I have a hole in there brick in here! Let’s see.
Oh-ho-ho! Speaking of off the beaten path things I never had the chance to read before, were gonna add one to the oversized shelf today, too!
In this brick we’ve got a new Thor Epic collection. Vol. 3, which is Thor #131-153. It’s kind of on the heavier side for an Epic Collection. I’m waiting to accumulate a whole run and just sit down and read [a lot of] Thor.
You know… funny, I always really liked Thor in concept in the 90s when I was collecting, and I had a fair amount of Thor my collection, but didn’t really read it a lot. I don’t know if I was like waiting to get a run or if I just couldn’t decide to commit the time to it?
I’m not sure what my deal was, but I’ve actually now spent the time to read him in modern-day and I really enjoy Thor. I think he has a well-developed rogues’ gallery and supporting cast, where he can do that Asgardian stuff, he can do cosmic stuff, he sometimes has some conflict on earth. Jason Aaron is writing him spectacularly now.
So Thor is kind of like one of the heroes that I first expanded my [modern] collection [to include] – after I really had my X-Men stuff down. I think I went X-Men and then Fantastic Four and then Thor. Previously there wasn’t a ton of Thor collected and so it’s really cool now to see it get such coverage. I mean, they are really zooming through the series. I have [counting] one two three four five six seven Thor Epics already, this is is eight, and I think there’s only gonna be a total of… we’re almost halfway.
Speaking of Epics, here’s another one. Something I never in my life thought would get collected. This is Doctor Strange Epic Collection 13. This is probably the last Doctor Strange Epic Collection. I mean, I guess they could probably go forward from this, but the next chronological Doctor Strange material is Flight of Bones, which they’ve already collected into a non-Epic Collection, and this is the very end of his 1990(ish?) series.
It collects #76-90, which has some… I want to say Warren Ellis on writing? [checking] Yeah, in addition to Kurt Busiek and some other folks that you might not know. This is something that I banked the floppies, actually, because I was like, “There’s no way Marvel’s ever ever ever going to put this in a collection!” Yet, here it is.
That’s the beauty of the Epic Collections. They are indiscriminate about the material that they’re gathering. It’s coming from somewhere and they’re gonna cover it whether it’s the top seller or not, because the whole point is the Epics are going to collect everything.
It makes me really excited, because now I guess they can sell my floppies (although the floppy market in New Zealand may be non-existent, I don’t know yet).
And, finally, this [showing book[ finishes out the Master of Kung Fu omnibuses! It’s volume 4 of Shang-Chi, collecting #102-125 plus (as everybody hoped that it would) it keeps going from there to collect Shang-Chi back-ups in Marvel Comics Presents from 1988 #1-8 and a one-shot called Master of Kung Fu: Bleeding Black. That’s really exciting!
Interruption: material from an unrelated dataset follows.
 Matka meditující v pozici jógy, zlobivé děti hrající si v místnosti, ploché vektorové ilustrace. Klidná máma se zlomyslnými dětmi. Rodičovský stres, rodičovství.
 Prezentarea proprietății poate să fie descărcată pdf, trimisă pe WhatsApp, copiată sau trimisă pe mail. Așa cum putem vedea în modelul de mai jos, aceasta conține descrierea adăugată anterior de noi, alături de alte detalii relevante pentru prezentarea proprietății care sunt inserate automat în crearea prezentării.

It covers all of the Doug Moench stuff that ends the series and pretty much takes this character all the way through… gosh, almost the whole nineties? He did not guest appear a lot. You could check that out in my Shang-Chi guide.
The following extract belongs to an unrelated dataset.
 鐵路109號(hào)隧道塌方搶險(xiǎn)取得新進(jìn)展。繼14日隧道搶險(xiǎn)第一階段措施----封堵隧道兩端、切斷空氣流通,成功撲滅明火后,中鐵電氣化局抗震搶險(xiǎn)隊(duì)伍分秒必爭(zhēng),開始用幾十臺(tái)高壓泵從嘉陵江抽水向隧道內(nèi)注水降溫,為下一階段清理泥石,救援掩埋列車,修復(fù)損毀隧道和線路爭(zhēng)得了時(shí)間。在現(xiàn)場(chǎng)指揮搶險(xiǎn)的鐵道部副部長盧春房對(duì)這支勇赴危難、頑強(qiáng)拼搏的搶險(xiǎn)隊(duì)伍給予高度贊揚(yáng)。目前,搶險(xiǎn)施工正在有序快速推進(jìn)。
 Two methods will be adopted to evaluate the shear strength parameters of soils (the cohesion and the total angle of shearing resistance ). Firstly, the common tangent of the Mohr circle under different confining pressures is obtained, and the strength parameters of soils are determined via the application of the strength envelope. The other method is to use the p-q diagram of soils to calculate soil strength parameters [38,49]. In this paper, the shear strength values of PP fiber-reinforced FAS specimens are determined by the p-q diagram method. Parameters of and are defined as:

So now I’ve got them all, and I finally have… that other one got shelved? Oh, there it is. Now I’ve got them all! We can go right to a ceremonial shoving for this, and once I unpack my other ones I can finally do my read. That is really
exciting.
That’s my InStockTrades order of the second or third of October. So, took… ah, not quite two months to get here. It seems like five or six weeks as a standard. They go on a ship. That’s not too surprising. But, so happy to unwrap these books.
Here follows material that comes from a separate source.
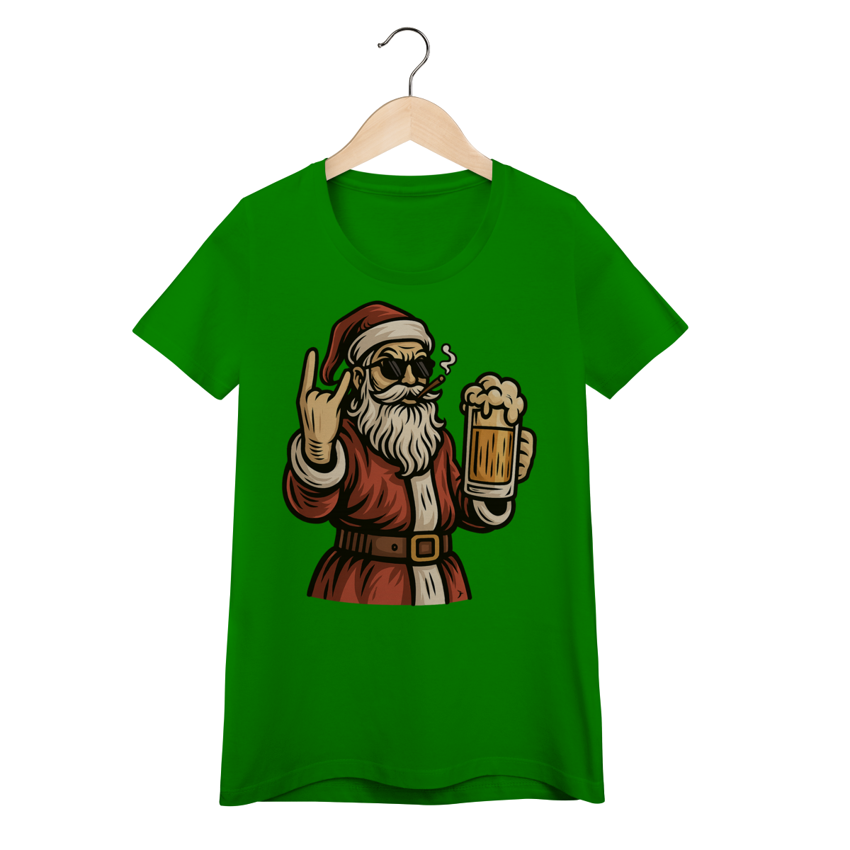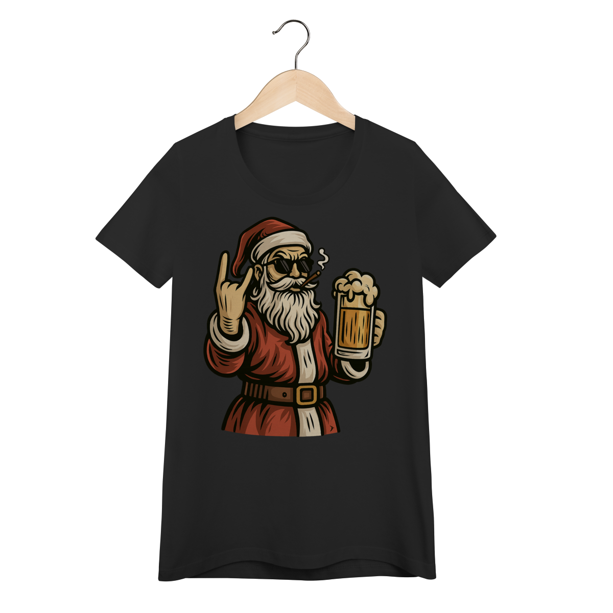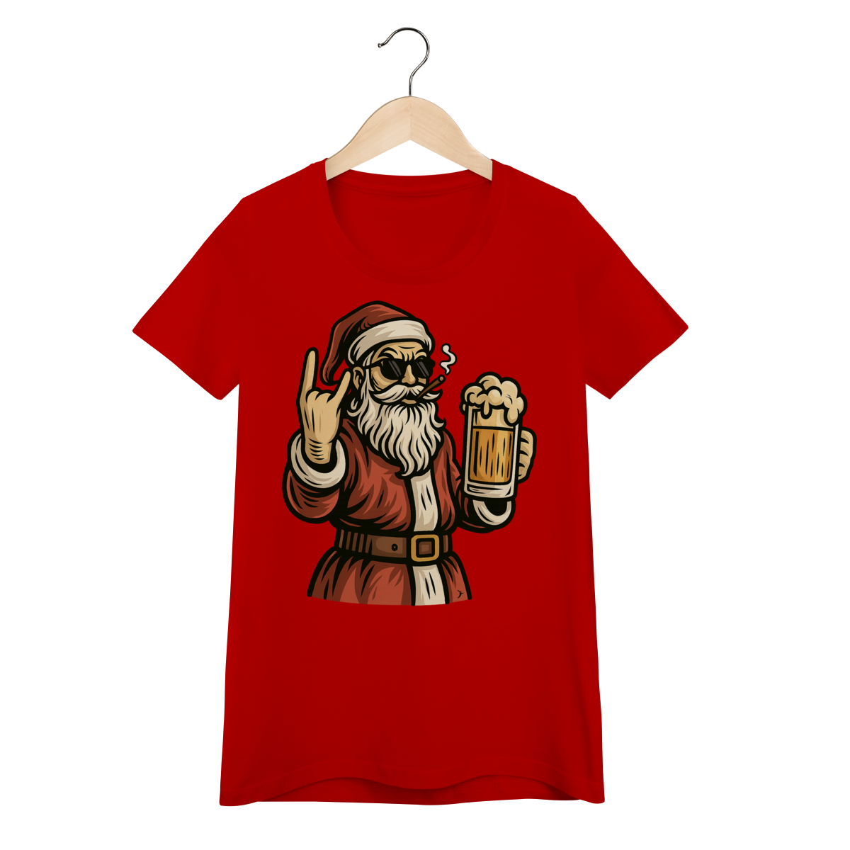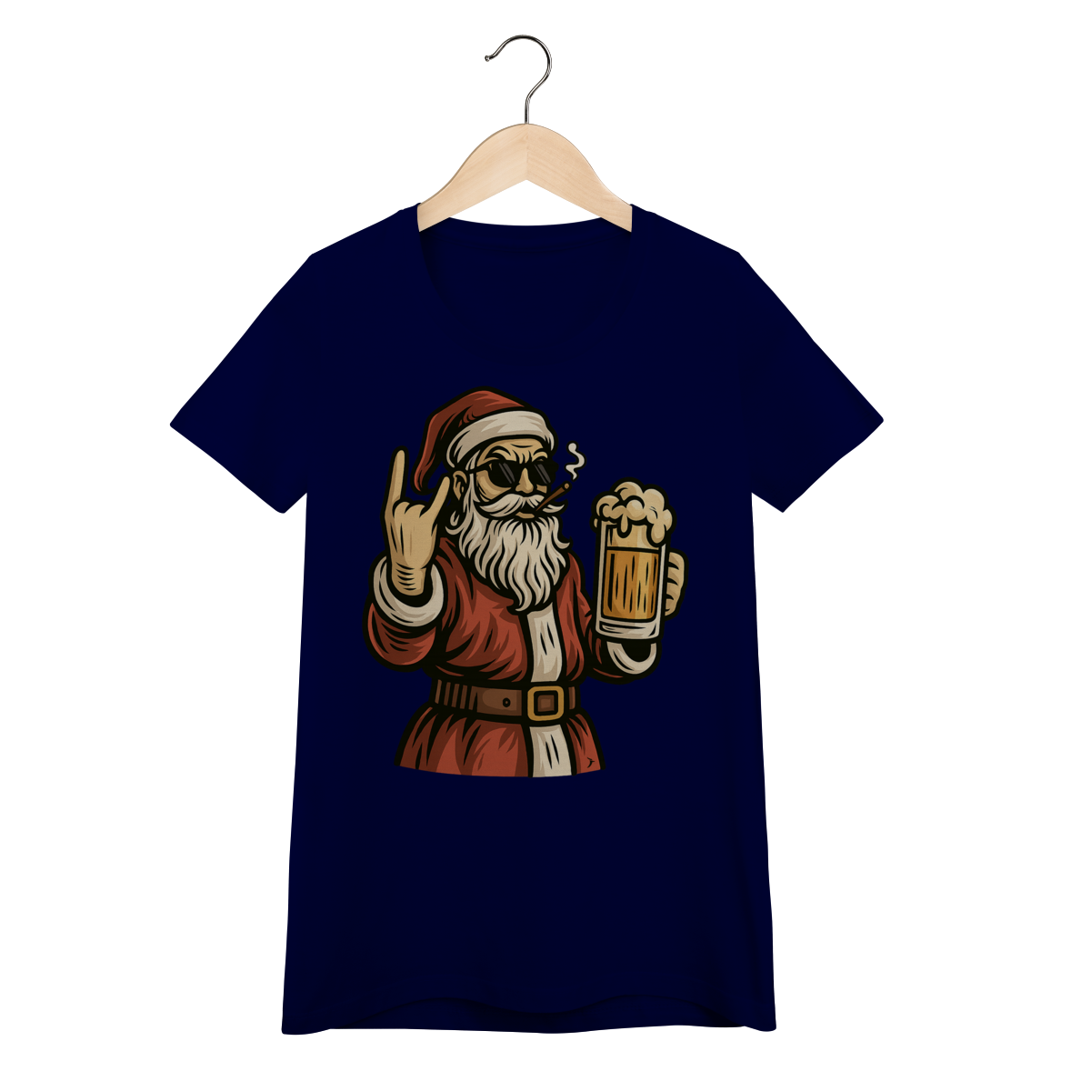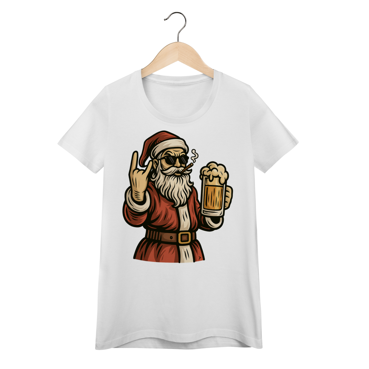 Camiseta Feminina Natal - Papai Noel Bebendo Cerveja

Probably the one that I’m the most excited to read from [this batch] is probably Shutter. I’m probably gonna take the whole pile of Shutter trades upstairs and just read through the entire series, because that is really exciting stuff.
Thanks so much for tuning in to this very rare unboxing interview. Interview? I’m interviewing the books, the camera is interviewing me. It would be fun, actually, if you interviewed me and asked me questions. That’s something to think of for the future.